Speculative fund short covering has driven wheat futures higher in recent days, led primarily by gains in the Paris market. The May 2024 contract breached €200/t on Tuesday which was the market's highest level since 27th February 2024.

The funds had built record short positions in the Paris wheat market but improved physical wheat demand, Black Sea supply concerns and EU political moves have been the catalysts to trigger a need to reduce the exposure to potentially higher prices.

The EU failed to publish its weekly update on EU wheat export sales, but progress has been brisk of late and catching up on last year's pace.

There's a strong vessel line up in France, with numerous vessels loading for China throughout this month which highlights physical price support. There were misreports of cancellations by The French Ministry of Agriculture and Food last week which didn't materialise. However, China's wheat imports in general for first two months of the year are put at 2.5 million tonnes by customs, which is 17% down on last year.

  • 2024 reality dawns

The UK 2024 wheat price premium over old crop prices has widened further, with November '24 prices now over £20/t higher than May 2024.

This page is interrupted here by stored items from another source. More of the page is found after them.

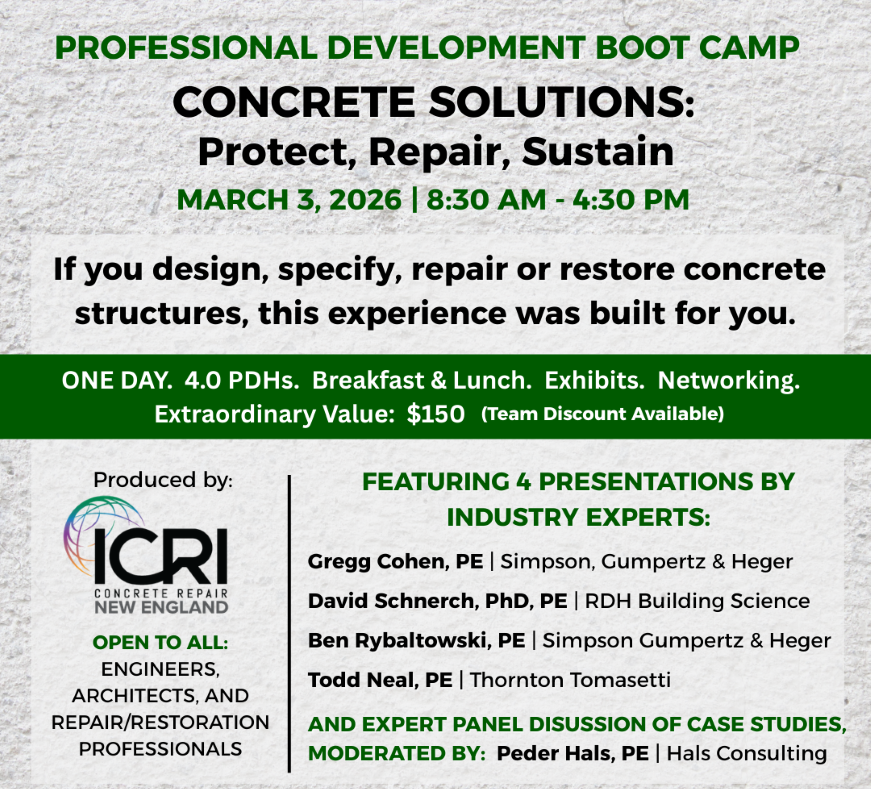 A one-day, 4.0 PDH professional development experience built for engineers, architects, and contractors responsible for the design, detailing, protection, and repair of concrete structures.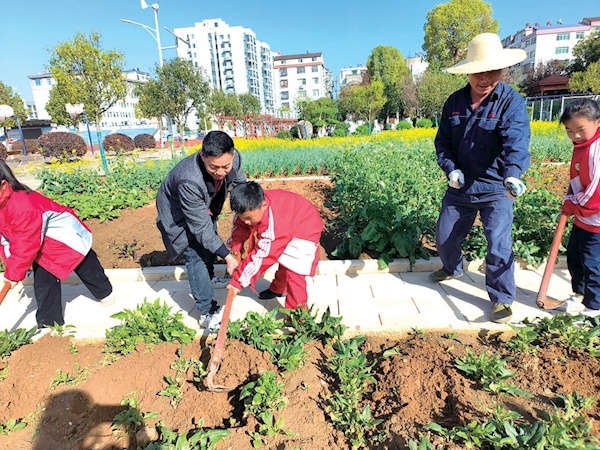 为使学生充分感知清明节气,围绕节气时令特征,房县东城小学开展“清明前后种瓜点豆”的主题劳动实践教育活动。老师向学生讲述节气、农事、农谚等知识,并带领学生们挖地、松土,将一颗颗南瓜籽、一棵棵嫩苗播种在肥沃的泥土地里,大家忙得不亦乐乎。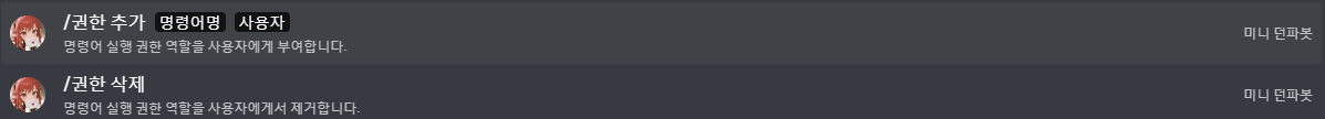 해당 명령어로 권한을 추가할시 서버에 새로 역할이 생기게되며 , 역할삭제 경우 서버에서 따로 삭제해야합니다.

The Agricultural and Horticulture Development Board (AHDB) published the results of its revised early bird survey for March. It cut 260,000 hectares from estimates farmers made for the 2023 harvest, putting the UK wheat area at only 1.463 million hectares.

This is a result of persistent rainfall and waterlogged fields hampering normal drilling practice, and what is drilled isn't satisfactory.

Over the past 15 years, the UK wheat yield has ranged from seven to nine tonnes per hectare, suggesting the high end of this range would produce a wheat crop of 13 million tonnes, the lower end could potentially be just 10 million tonnes. Given the poor condition for many winter wheat crops, a yield towards the lower end seems entirely possible. 


BARLEY

  • Low prices slowing supply

Feed barley trades have been slow this week. Farm selling of old crop has continued at a subdued pace, with supply coming forward only where the need for cash or storage outweighs the want for higher prices.

Lack of supply is supporting old crop prices, however, compounders bought barley at the end of February/start of March so are not motivated to bid up the prices now.

Old crop feed exports are still materially behind previous years which is further adding to the bearish price dynamic.

Malting barley prices have held onto last week's gains. With a much busier export schedule throughout this season in comparison to feed, there is not the same weighty supply nationally.

  • Weather watch on new crop

It is still too early to tell how the winter barley that was planted is fairing, but preliminary reports show a mixed picture nationally.

Spring barley planting is progressing more in the southwest than any other region, with some pockets of progress on lighter land elsewhere in England.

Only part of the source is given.